- Mount Meridian Location within the state of Indiana Mount Meridian Mount Meridian (the United States)
- Coordinates: 39°36′07″N 86°45′27″W﻿ / ﻿39.60194°N 86.75750°W
- Country: United States
- State: Indiana
- County: Putnam
- Township: Marion
- Elevation: 810 ft (250 m)
- Time zone: UTC-5 (Eastern (EST))
- • Summer (DST): UTC-4 (EDT)
- ZIP code: 46128
- Area code: 765
- GNIS feature ID: 439601

= Mount Meridian, Indiana =

Mount Meridian is a village in Marion Township, Putnam County, Indiana that was originally called Carthage when it was laid out by William Heavin and Bryce W. Miller in 1833.
It was later renamed so that it had the same name as its post-office.

Primarily on US 40, it is approximately 40 mi west-south-west of Indianapolis and 8 mile south-east of Greencastle.

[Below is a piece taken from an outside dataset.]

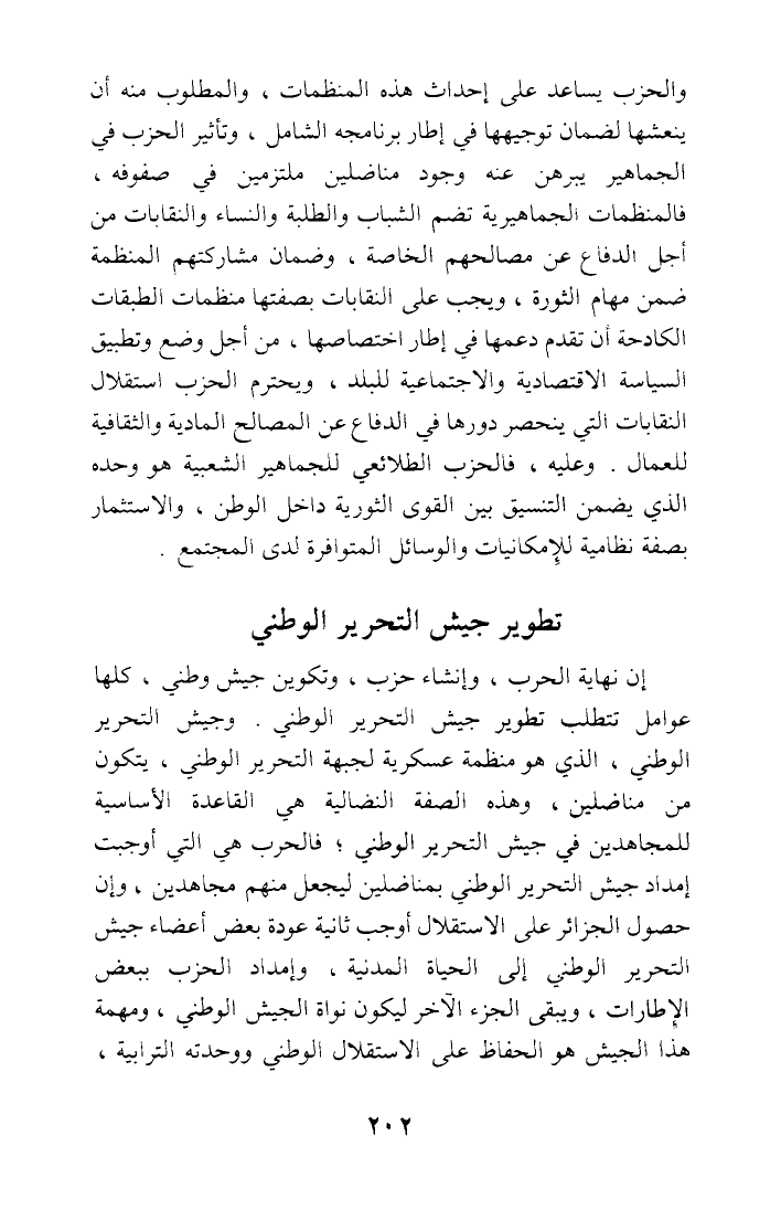 الوطني، الذي هو منظمة عسكرية لجبهة التحرير الوطني، يتكون من مناضلين، وهذه الصفة النضالية هي القاعدة الأساسية للمجاهدين في جيش التحرير الوطني؛ فالحرب هي التي أوجبت إمداد جيش التحرير الوطني بمناضلين ليجعل منهم مجاهدين، وإن حصول الجزائر على الاستقلال أوجب ثانية عودة بعض أعضاء جيش التحرير الوطني إلى الحياة المدنية، وإمداد الحزب ببعض الإطارات، ويبقى الجزء الآخر ليكون نواة الجيش الوطني، ومهمة هذا الجيش هو الحفاظ على الاستقلال الوطني ووحدته الترابية،

A post office called Mount Meridian was established in 1835, and remained in operation until it was discontinued in 1905.

== Hurst Brothers ==
In the late 19th century, the Hurst Brothers general merchants was run by Squire J. Hurst and his brother.
Squire Hurst had gone to Mount Meridian in 1885, having been a farmer in Greencastle and Warren Townships.
His older brother William Hurst had bought and shipped livestock until 1880.
Alongside the mercantile partnership, Squire owned a 115 acre farm in Greencastle Township; whilst William was also a postmaster in Mount Meridian, and owned a 121 acre farm in Greencastle and Warren Townships.
==The Half Way House==
The Half Way House was originally built in 1826 by William Heavin Such people as Henry Ward Beecher and Abraham Lincoln spent the night there.